Cisco CEO John Chambers is claiming victory in the company’s battle with SDN. If you read or listened to his somewhat chilling comments during Cisco’s Q1, FY 2015 quarterly conference call this week, it’s “game over”:
We’re winning big-time on Application-Centric Infrastructure (ACI) and pulling away from the start-up competitors … we are not only pulling away from, I think, while they have news left on the table, I think, it’s game over, I think we have got them.
That’s up from 580 customers in Q4, FY 2014:
I give us very high marks on our execution… we are winning the SDN battle with Application-Centric Infrastructure.
And Cisco more than doubled the number of paying customers for the ACI controller, Application Policy Infrastructure Controller (APIC), in the product’s first full quarter of shipments. There were no numbers, however, on how many APIC customers there are.

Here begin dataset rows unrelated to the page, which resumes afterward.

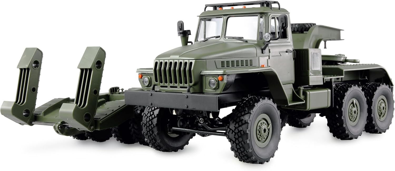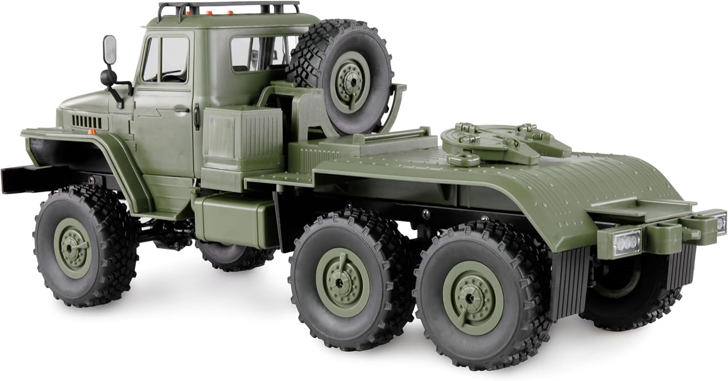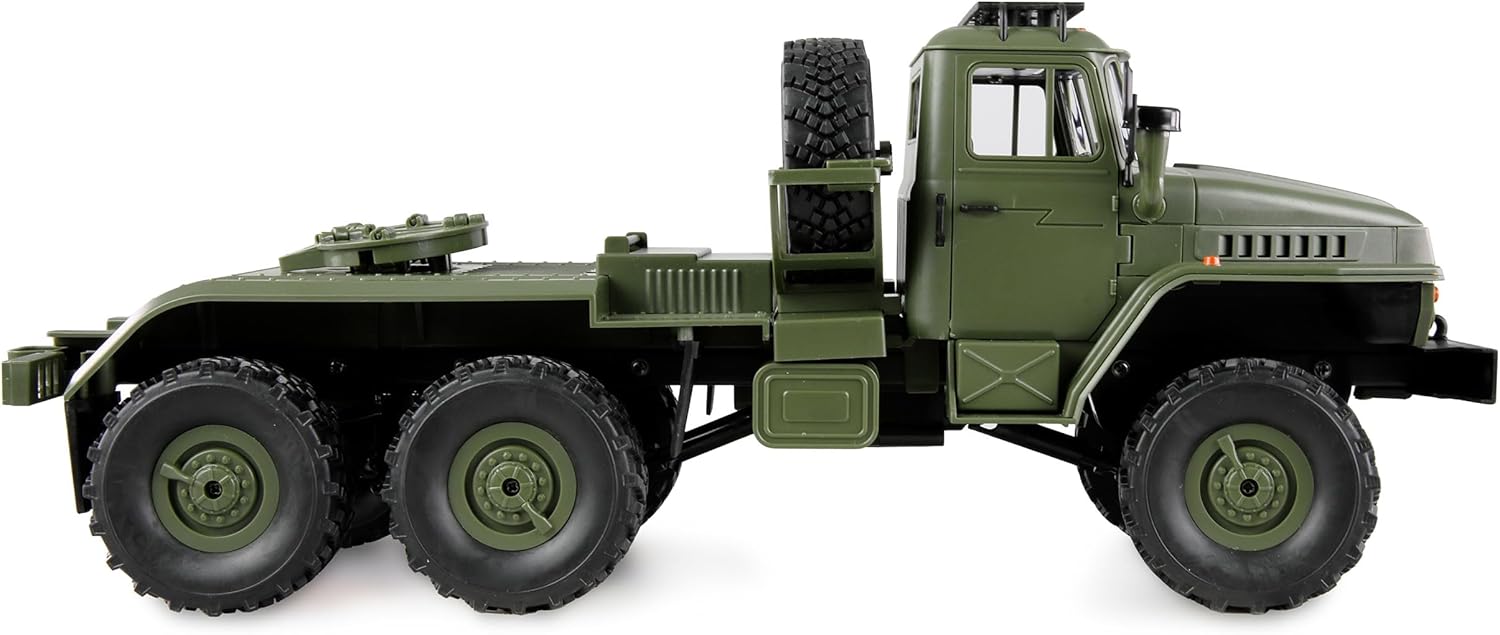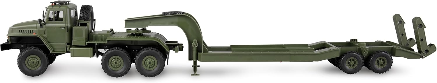 Урал Б36 е руски военен камион, произведен за първи път от УралАЗ през 1941 г. и известен със способността си да работи в трудни терени и метеорологични условия. Използван главно за транспортиране на войски и военни материали, той остава в употреба през годините благодарение на своята надеждност. Дори днес той все още се използва от въоръжените сили. Това мащабно копие на историческия военен транспортер Урал в мащаб 1:16 предлага оптимално разпределение на мощността благодарение на задвижването си на 6 колела и следователно е идеално за вълнуващи офроуд пътувания. Дори тежки товари като танкове за войски или подобни модели от този размер могат лесно да бъдат транспортирани. 280-милиметров четен двигател и многостепенна предавка осигуряват необходимата производителност. Моделът е оборудван с електронна защита от преобръщане (планинска спирачка), която осигурява сигурно задържане и прецизен контрол в труден терен. Гумените гуми с високо сцепление на всички оси и телескопичните задвижващи валове позволяват максимално блокиране на осите без загуба на задвижваща мощност. Листови пружини като оригинала и безсмущаваща 2,4 GHz система допълват оборудването. С LED осветление за автентичен мащабен вид, дори пътуванията привечер са възможни без никакви проблеми. Нискорамната платформа може да се откачи, така че тракторът да може да се управлява без ремарке. Версията RTR (готова за работа) включва дистанционно управление, батерия и кабел за зареждане. Голяма литиево-йонна батерия позволява дълго време на шофиране до 20 минути. Отделението за батерията под капака позволява бърза смяна на батерията.
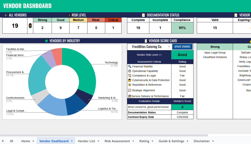 | 🏆 Vendor Risk Assessment & Score Card Tracker | Evaluating suppliers/vendors | Weighted scoring, category ratings | Vendor scorecards, export | ⭐ ⭐ ⭐ (Medium) |
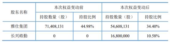本次权益变动前,公司控股股东雅仕集团持有公司股份71,408,131股,占公司总股本的44.98%;长兴皓勤未持有公司任何股份。本次权益变动后,公司控股股东持有公司股份54,608,131股,占公司总股本34.40%;长兴皓勤持有公司股份16,800,000股,占公司总股本10.58%。
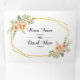 Peach aquarelle fleurs de cactus et noir script typograohy floral mariage Tri-Fold Invitation. Il présente un cadre polygonal doré avec vos noms dans la typographie en script noir et un bouquet de fleurs de cactus à l'aquarelle de pêche avec de succulents feuilles sur la couverture et le premier panneau intérieur, vos informations mariages sur le milieu intérieur et vos détails sur le panneau dernier intérieur. Le rabat affiche votre date de mariage et le bouquet floral, tandis que le dos affiche votre photo avec vos initiales.
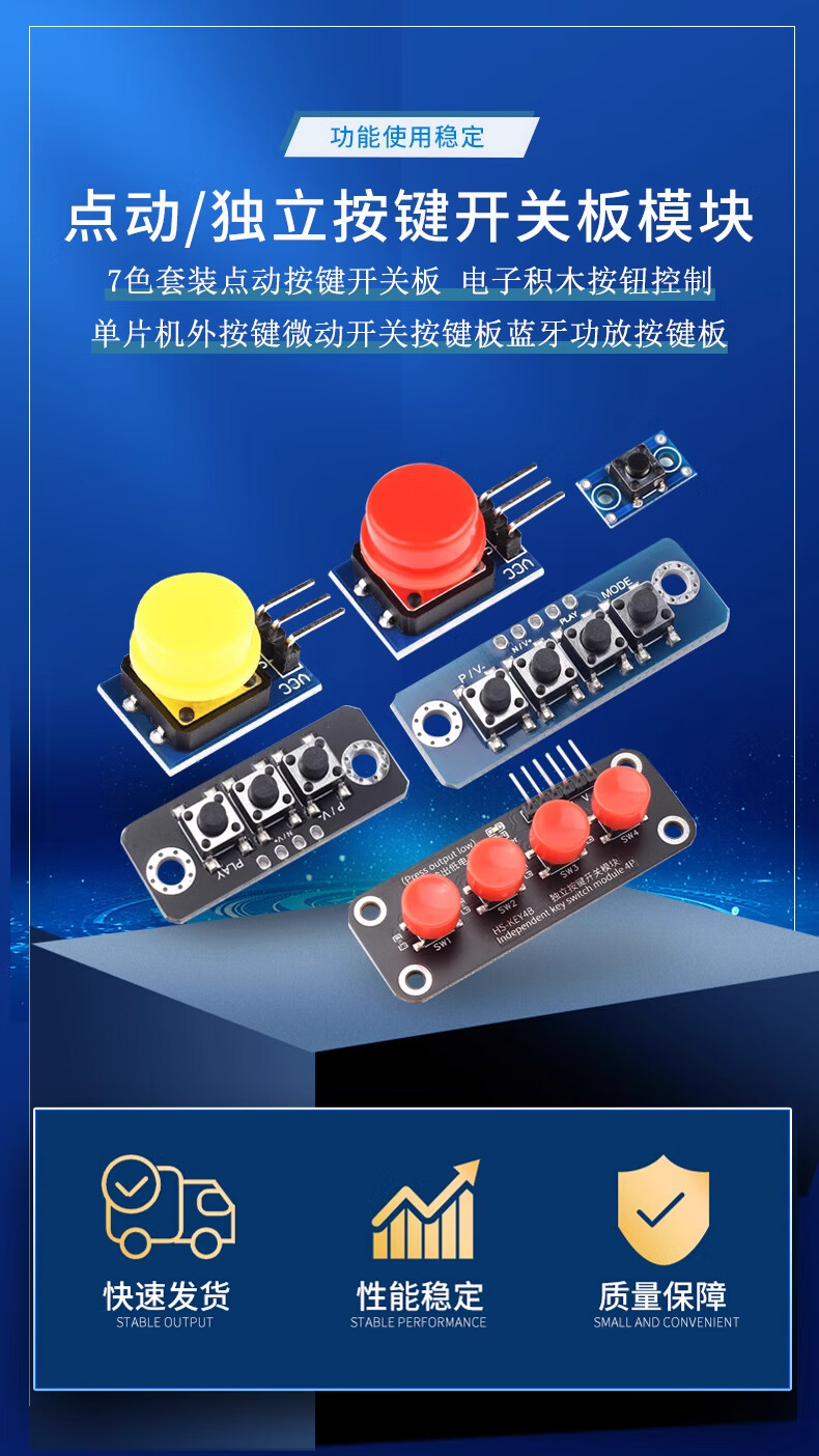DZQJ large button module light touch with cap 5-color set inching button switch board electronic building block button control small button (red cap) electric button switch key module
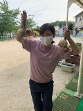 ようやく収穫することができました!  美味しそうな大きい玉ねぎ、 ちょっと小ぶりな可愛い玉ねぎ・・・ いろいろな形の玉ねぎがありました。  収穫した玉ねぎは、麻ひもできゅっと結んで、 年少さんの保育室の前に干しています。 幼稚園が始まったら、みんなで食べたいなぁ・・・ と楽しみにしています♪ 幼稚園が始まったら、 紫色で、甘くて美味しい 〇〇〇〇〇を 植えようと計画しています! 何かわかるかな? (『やくそくひょう』にもかくれているよ。) お楽しみに! |
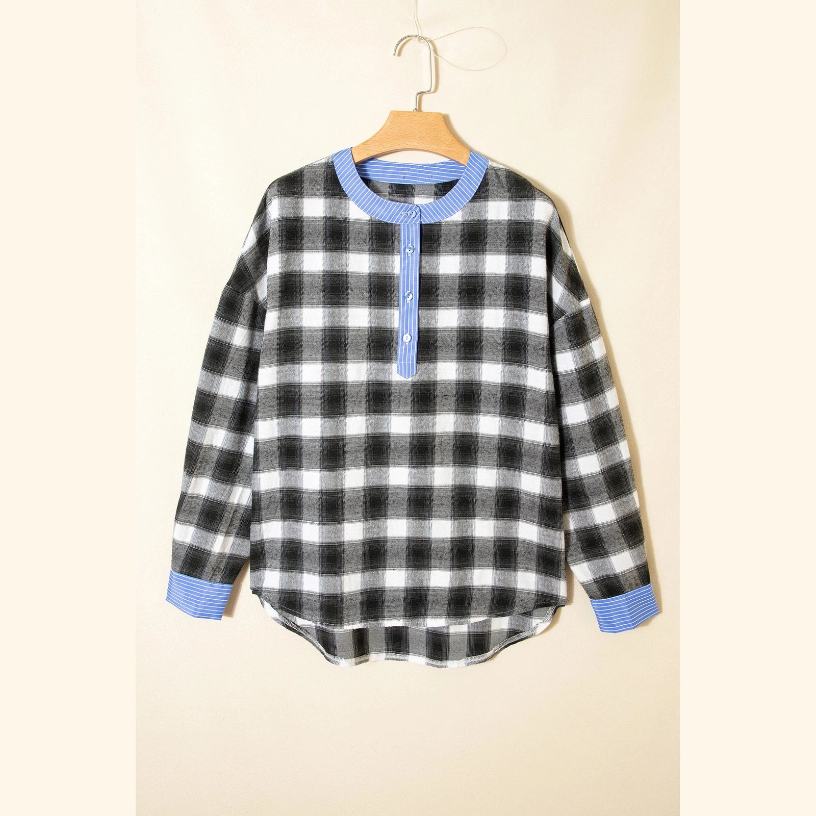Alee Black Contrast Striped Edge Half Placket Plaid Blouse

Cisco also landed 600 new customers for the Nexus 3000 this quarter and saw double-digit order growth from the Nexus 3K, 7K, 9K and ACI combined, Chambers said:
Looking at our performance relative to one of our merchant (silicon)-based competitors making a lot of noise in this market: In Q3 FY ‘14, from a comparison perspective, we saw orders of the Nexus 3K and 9K… pass their total revenue for the first time. In Q1, orders for the Nexus 3K and 9K were approximately 50% larger than their reported total revenues. Yet again, in just one year, we have grown (to) where they had gotten to in the whole history of their company.
So after Cisco’s Q1 2015 results, Chambers and Co. are laughing in the face of SDN and the multivendor networking diversity that it could encourage:
A year ago we were fighting an SDN perception battle, with competitors using PowerPoint instead of products. Today with ACI, we are bringing programmability and automation to networking on a scale well beyond what competitors define as SDN.

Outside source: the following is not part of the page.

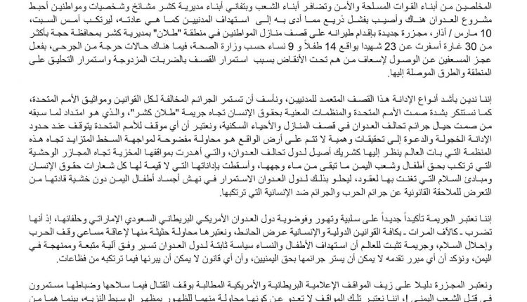 اليمن، ونؤكد أن أي مبرر تقدمه لا يمكن أن يستر جرائمها بحق اليمنيين، وأن أي قانون لا يمكن أن يبرئها فيما ترتكبه من فظاعات
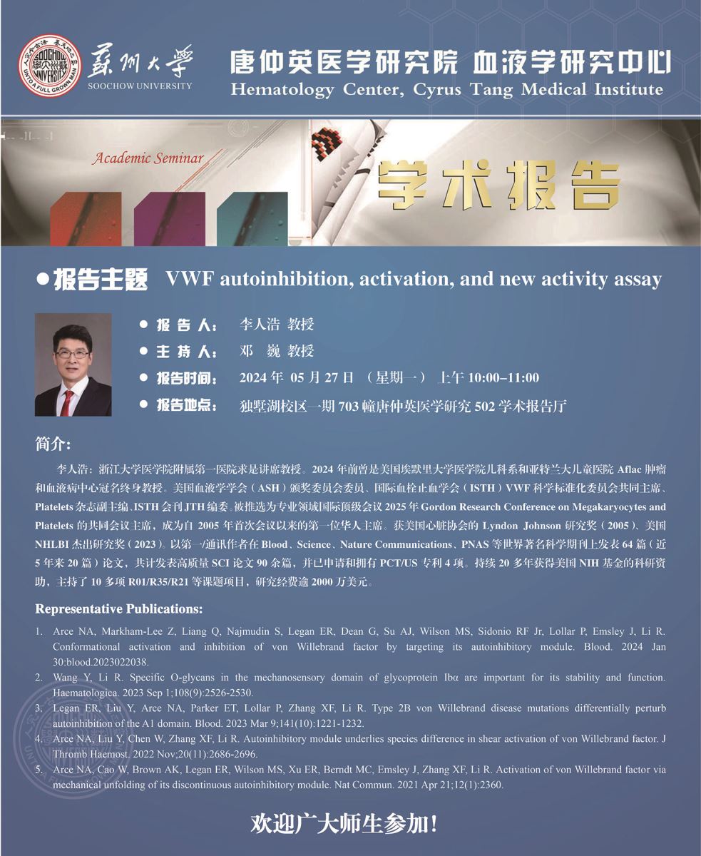2024年5月27日浙江大学医学院附属第一医院 李人浩教授学术报告

Most customers are no longer interested in piecing together disparate infrastructure from different vendors or buying standalone technology. They are digitizing their businesses, their cities and countries and want Cisco to be a strategic partner delivering solutions and business outcomes.
We are going to lead and breakaway from most every player in the enterprise and that applies across all products, including with our Applications-Centric Infrastructure enterprise, which is going great guns.
Is it SDN competitors or the SDN trend itself Cisco would rather defeat? From Chambers remarks, it sounds like the bigger opportunity for Cisco is the latter.